Activity: Please give back the lines from the line containing "Additionally, a graphical" through the end of the listing below, exactly as written and without pictures.

Supplied material:
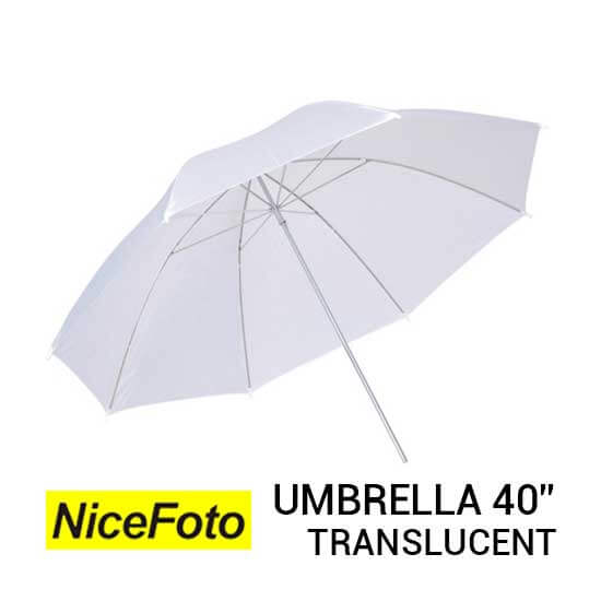 NiceFoto Umbrella Translucent 40 adalah peralatan fotografi berupa payung untuk membantu aktifitas pemotretan. Sering digunakan bersama dengan lamp holder dan lampu. Fungsi utamanya adalah membuat gambar plain lebih penuh, memiliki efek tiga dimensi, mencerminkan tekstur yang baik, cahaya lembut, tidak akan menyebabkan ketajaman cahaya mengisi flash. Berbeda dari softbox, Umbrella Translucent dapat mengecilkan sudut cakupan untuk mendapatkan cahaya lembut yang lebih pekat. Payung ini memiliki ukuran Ø40″ (102cm).
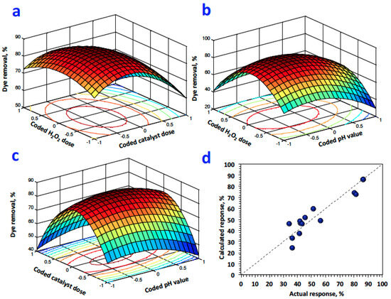 Additionally, a graphical illustration of the optimization exhibited in Figure 8b positions the area, which is the darker portion in the graph, for the optimal condition of the SCB:M /H2O2 system for RB19 removal. All the suggested parameters and their responses to the specific maximum and minimum limits of the predicted model region are suggestive and appropriate to the standard. Also, Figure 8c illustrates the relationship between the SCB:M reagent and the pH value. The suggested 3D and 2D plots indicate that the increased dose of the catalyst is increasing the oxidation of the dye. However, a low pH value results in an increased response. The curvature suggests the limits of expanding the dye’s oxidation with the variables.
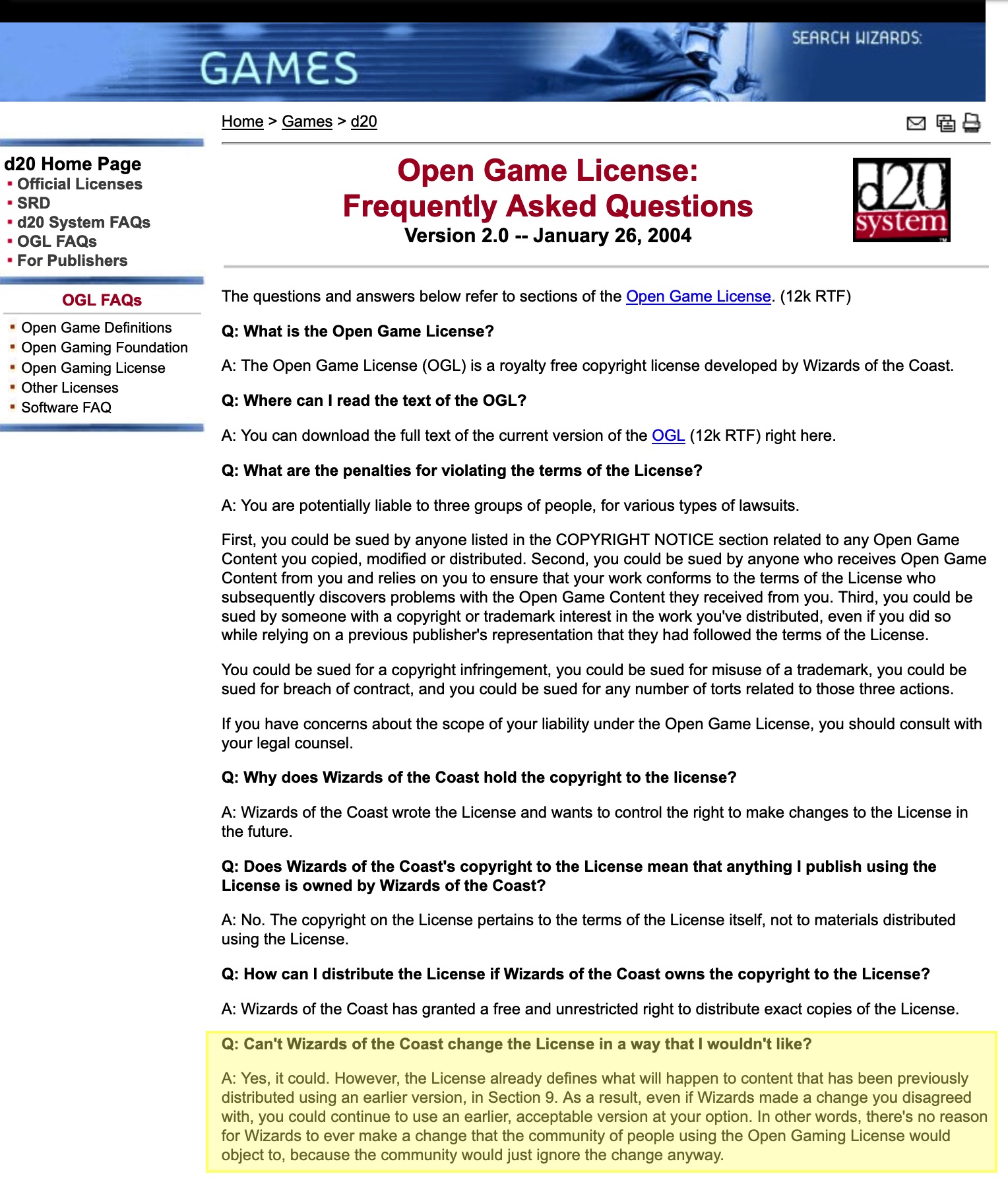 Yeah my public opinion is that Hasbro does not have the power to deauthorize a version of the OGL. If that had been a power that we wanted to reserve for Hasbro, we would have enumerated it in the license. I am on record numerous places in email and blogs and interviews saying that the license could never be revoked.

Answer to this problem:
 Additionally, a graphical illustration of the optimization exhibited in Figure 8b positions the area, which is the darker portion in the graph, for the optimal condition of the SCB:M /H2O2 system for RB19 removal. All the suggested parameters and their responses to the specific maximum and minimum limits of the predicted model region are suggestive and appropriate to the standard. Also, Figure 8c illustrates the relationship between the SCB:M reagent and the pH value. The suggested 3D and 2D plots indicate that the increased dose of the catalyst is increasing the oxidation of the dye. However, a low pH value results in an increased response. The curvature suggests the limits of expanding the dye’s oxidation with the variables.
 Yeah my public opinion is that Hasbro does not have the power to deauthorize a version of the OGL. If that had been a power that we wanted to reserve for Hasbro, we would have enumerated it in the license. I am on record numerous places in email and blogs and interviews saying that the license could never be revoked.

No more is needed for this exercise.